Or in Mobifon - one of the Romanian mobile carriers that is. After more or less unofficial negotiations news circulated around for a while now it appears that Vodafone officially bought 79% of the shares of Mobifon from Canadian Telesystems.
What are the implications?
First of all it will be an Orange-Vodafone competition in the Romanian market. Zapp matters just marginally both in terms of market share and in the feature/service scope it provides in spite of its official optimism and a claimed 2004 good year. As for the Cosmorom --- are they still alive? Last summer the Romtelecom (the landphone provider which used to belong to the state and which owns Cosmorom) was still looking for a strategic investor for it - not too much news on this side, and not too many hopes either. (see my last year's posts - 1, 2, 3)

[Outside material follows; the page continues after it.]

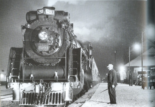 This image shows a Canadian National Railway steam locomotive being oiled in Sherbooke, Quebec. Feb. 23, 1957.

Then this involves a nice exit for the early investors in the Romanian mobile carrier (Copos the actual Romanian SMEs minister without a portfolio was among them afaik). Smart investors who spotted the opportunity and jumped on it. Opportunity as big as the mall business is cooking in Bucharest these days, but I will have a different post for that. (btw, Copos is involved in this too :)) Note though that this is my hypothesis - the news specifies that the transaction was between Vodafone and TIW.
In terms of features and new services offer I don't expect that Vodafone's acquisition would have a big impact in the overall strategy of new deployments in the local market. As compared to the timing from the Central Eastern Europe or Europe of course - actually it will probably be the same delay as ever in both price adjustments and new phone releases. Unfortunately, even though Romanians seem to be quite eager in adopting new services the buying power is not permitting too much room for strategic moves here (such as a place for testing new services - the market is not here). Even though it'd be cool, Romania is far from going there, actually Romania plays rather an important role in the secondary market for mobile phones.
What else? From a strategic point of view Vodafone is looking for growth in Europe and Central Eastern Europe is just the place for that - especially considering the high growth rate estimated for the next period in Romania (or the lower penetration rates as opposed to its Western peers).
For people interested in understanding and following the telecom market I believe Om, Ronald and EuroTelco blog are daily must reads.